For instance, in the X222 837P transaction set, there are sixteen different
consecutive DTP
segments in Loop 2300. While the X222 implementation guide
arranges them in what appears to be a sequence, there is no restriction on
the order in which the DTP
segments occur -- they all have the same position.
Thus DTP*439
"Accident Date" can follow or preceed DTP*096
"Discharge Date",
and one or both might not be present.
clm = machine.first.
flatmap{|x| x.find(:GS) }.
flatmap{|x| x.find(:ST) }.
flatmap{|x| x.find(:HL, nil, nil, nil, "0") }.

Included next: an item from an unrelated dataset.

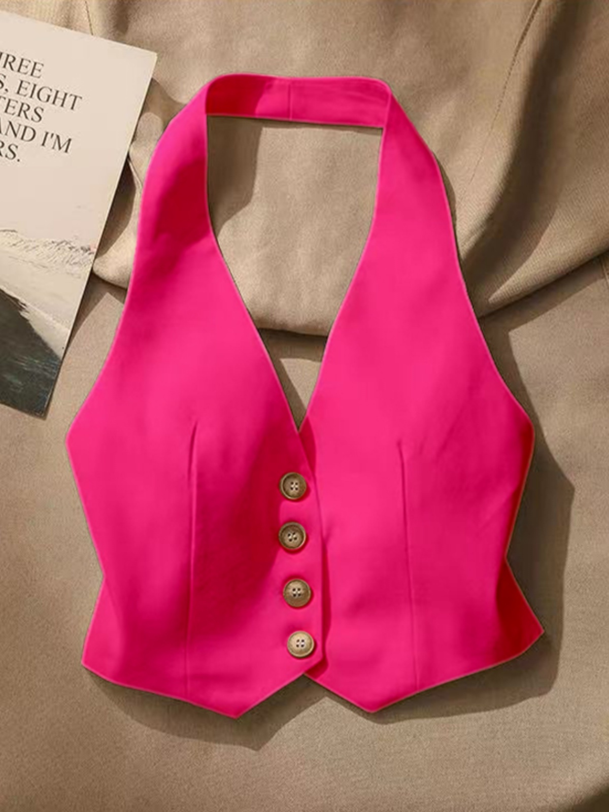 Women's Summer Back Slim Short High-End Chic Halter Neck Camisole Top

flatmap{|x| x.find(:CLM) }
clm. # Wrong: this assumes DTP*439 occurs before DTP*096
flatmap{|x| x.find(:DTP, "439") }.tap{|x| puts "accident ..." }
flatmap{|x| x.find(:DTP, "096") }.tap{|x| puts "discharge ..." }
# Correct: no order is assumed among the DTP segments
clm.flatmap{|x| x.find(:DTP, "439") }.tap{|x| puts "accident ..." }
clm.flatmap{|x| x.find(:DTP, "096") }.tap{|x| puts "accident ..." }
In general, siblings following the first segment in a purely syntactic node,
like a table, loop, or envelope structure cannot exist unless the syntactic node
exists -- and the syntactic node cannot exist unless an entry segment from the
definition of that node occurs. With few exceptions, the entry segment of a
syntactic node is the first segment in its definition. Therefore, the 2300 DTP
segments cannot exist unless the 2300 CLM
segment occurs; that is why it is
best to save the CLM
position and use it as a starting point.
Non-determinism
Certain sequences of input segments can be described by more than one parse
tree. Often these sequences are malformed. For instance, in an X222 837P
transaction, an HL
segment that has an empty HL03
qualifier could
potentially be the HL
segment describing the "Billing Provider Detail",
"Subscriber Detail", or "Patient Detail". In this case the parser will construct
three parse trees: one for each possibility. The parser will respond to
#deterministic?
with false
when it is in a non-deterministic state.
In a non-determistic state, methods that normally return a single node will
return Either.failure("non-deterministic state")
. These are #segment
,
#element
, and #zipper
. Traversal methods, however, like #next
#first
, #last
, #find
, and #parent
, operate on
each parse tree in parallel.
These traversal methods will position the parser on parallel segments within
each parse tree. To use the HL
example again, the parser would point to
each tree's version of the HL
segment, one named "Patient Detail", one named
"Bililng Provider Detail", and another named "Subscriber Detail". These segments
all have the same element values, but have a different meaning.